For a business based in Lee, the prospect of a rate hike inevitably recalls the decision of Schweitzer-Mauduit International's decision to close four paper mills in Lee and Lenox Dale in 2007. There were a number of economic factors, but a critical one was an increase of $770,000 on that year's electricity bill issued by what was then the Western Mass. Electric Company. Ms. Begrowicz emphasized that the existence of Onyx is not threatened but the hike, if approved, "is absolutely going to affect growth." Mr. Stasiowski made the same point, and if Onyx, Interprint and other Berkshire businesses must curtail hiring and the purchasing of equipment to compensate for a larger electric bill, a struggling Berkshire economy will struggle even more.

Ms. Begrowicz told The Eagle that Onyx's $775,000 electricity bill for 2016 would increase incrementally to $1.2 million in 2019 if the rate hike was approved. In an interview with The Eagle, Pittsfield Schools Superintendent Jason McCandless said the impact on the city's 12 public schools would be "massive," adding to the woes of a department that is facing the prospect of teacher layoffs.

The disparity between the impact on the eastern and western regions of the state is also of concern. Eversource says it will raise $60 million in rate revenue from the east and $35 million from the west, which seems fair on the surface, but that $60 million would come from 1.2 million customers in the heavily populated east while only 215,000 customers — businesses, residents, municipal buildings and so on — which share the $35 million burden for the west. That translates to a $166 increase per customer in the west and $50 per customer increase in the east. The Berkshires shouldn't be subsidizing eastern electricity rates while it carries its only high burden.

Eversource says it is seeking to address a revenue deficiency of $35.7 million in the western end of the state and adds that it has been investing in better technology and other improvements. The company can certainly make a case for a rate hike increase, just not one that Mr. Stasiowski described as "insulting" because of the adverse impact on businesses of such a hike. Ms. Begrowitz also pointed out to The Eagle that her company is already hit with three rate increases a year by Eversource.

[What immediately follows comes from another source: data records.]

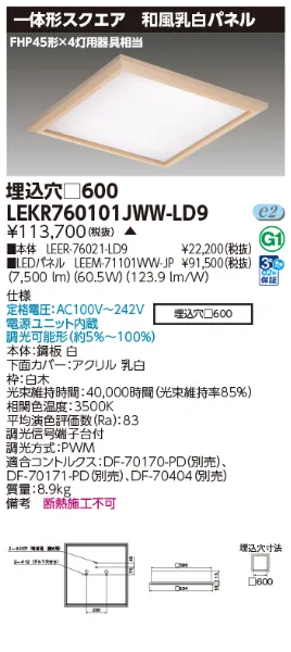 定格電圧 100V~242V 器具幅 □:634 mm 埋め込みサイズ □:600 mm 質量 8.9 kg 調光方式 PWM制御 調光範囲 約5%~100% 光色(相関色温度、平均演色評価数) 温白色(3500K Ra:83) 光束維持時間 40,000時間(光束維持率85%) 器具光束 7500 lm 定格消費電力 62.5W(100V) 60.5W(200V) 60.5W(242V) 入力電流 627mA(100V) 313mA(200V) 265mA(242V) エネルギー消費効率 120lm/W(100V) 123.9lm/W(200V) 123.9lm/W(242V) 周波数 50/60Hz 付加機能 調光タイプ 材質 本体鋼板白/下面カバーアクリル乳白 始動電圧 LD9 補助点灯装置 電源ユニット内蔵 調光可能形(約5%~100%) 備考 断熱施工不可
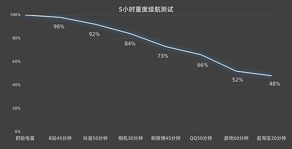 首先是續(xù)航測(cè)試,我們采用5小時(shí)重度續(xù)航測(cè)試模型來(lái)測(cè)試OPPO Find N2 內(nèi)屏的續(xù)航表現(xiàn):
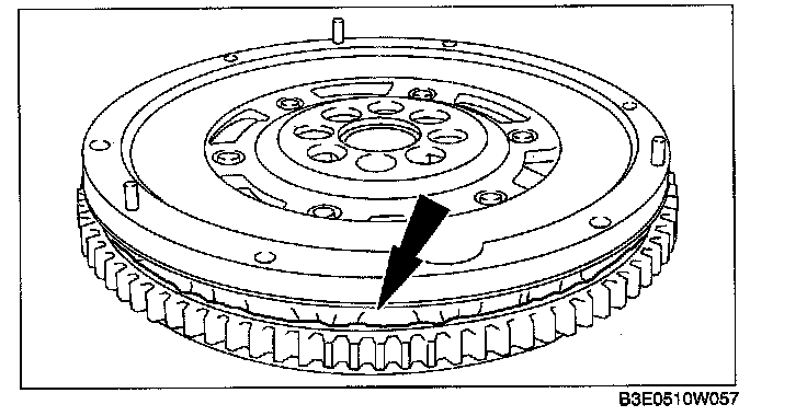 ^ Inspect the runout of the surface that contacts the clutch disc with the flywheel installed to the crankshaft.

For traditional businesses, it appears too easy for Eversource to simply go to state regulators and request a rate hike without finding ways to cut its costs — which businesses like Onyx and Interprint will have to do if hit by the rate hike. Businesses that are unhappy with Eversource rate hikes also have no option of going to another source of electricity.

Eversource is asking DPU for permission to get a 10.5 percent increase in return on equity, compared to the 9.3 percent that was the average return on equity for utilities around the country in 2016. While 9.3 percent should be the absolute ceiling, its impact on Berkshire businesses would be only marginally less than the 10.5 percent increase, and that is without factoring in the unfair imbalance between east and west.

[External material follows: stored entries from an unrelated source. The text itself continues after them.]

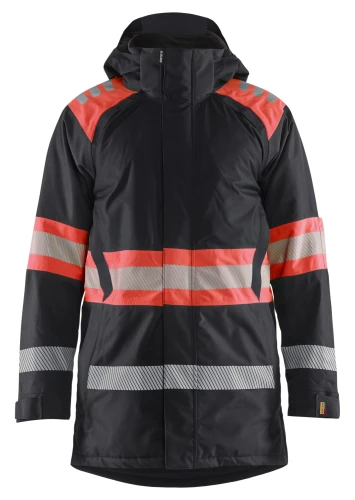 Een winterparka High Vis klasse 1 met functioneel design en gewatteerde voering.
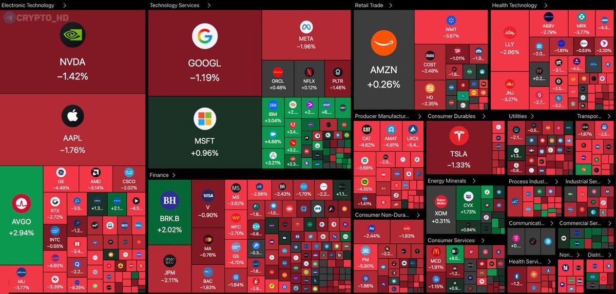 📉 Фондовый рынок США сегодня потерял почти $1,000,000,000,000 рыночной капитализации.
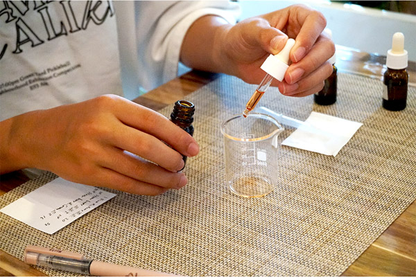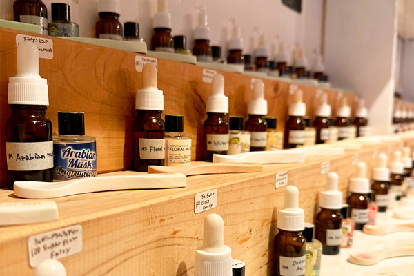 名古屋でも珍しい“香り作り専門店”で、100種類以上がラインアップするフレグランスオイルから選んで、“香りを作る”体験を行っている。香りの選び方から調香、ギフト仕上げまで、スタッフのサポートを受けながら、世界にひとつの香りを仕上げていく。
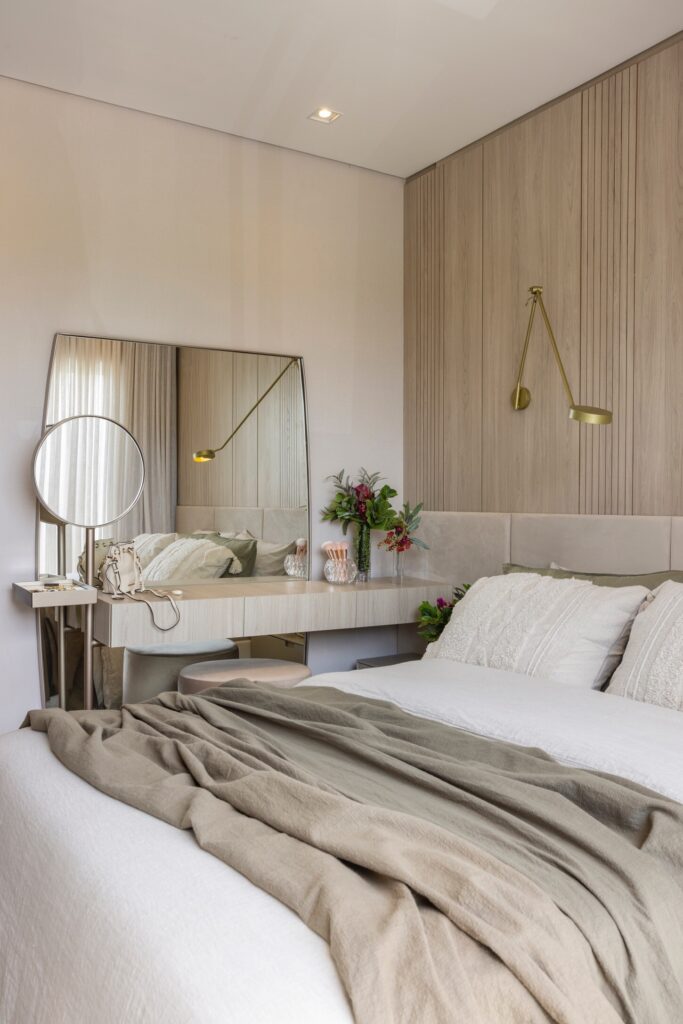 A suíte do casal retoma a paleta natural do projeto com linho, madeira clara e papel de parede que amplia a sensação de aconchego. O quarto de banho, revestido integralmente e iluminado por claraboia, oferece uma experiência sensorial marcada pela entrada de luz natural.
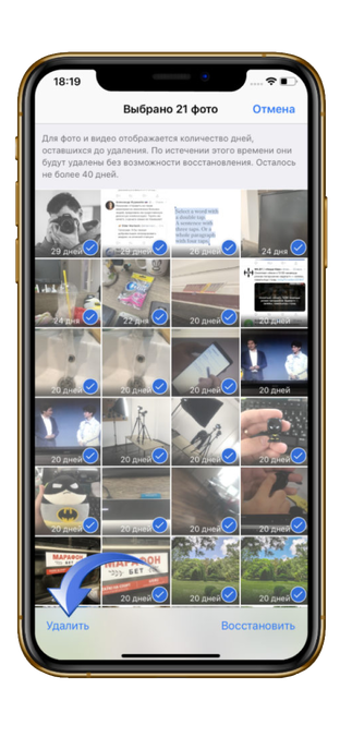 Кстати, чтобы освободить память в Айфоне, вы можете удалить ненужные фотографии в папке «Недавно удаленные». Для этого вам нужно выделить все изображения и нажать на «Удалить».

"When so many customers today are struggling to make ends meet and businesses are trying to lower their energy costs to maintain and grow jobs, it is time to return money to customers, not to raise their electric bills," Attorney General Healey testified at a state Department of Public Utilities hearing in Springfield late last month. Ms. Healey will testify at Monday's hearing, which will be held at 6 p.m. at the Berkshire Athenaeum. We urge the DPU to deny Eversource's rate hike request. Eversource has not made an adequate case for it the businesses, municipalities and residents that will be punished by it.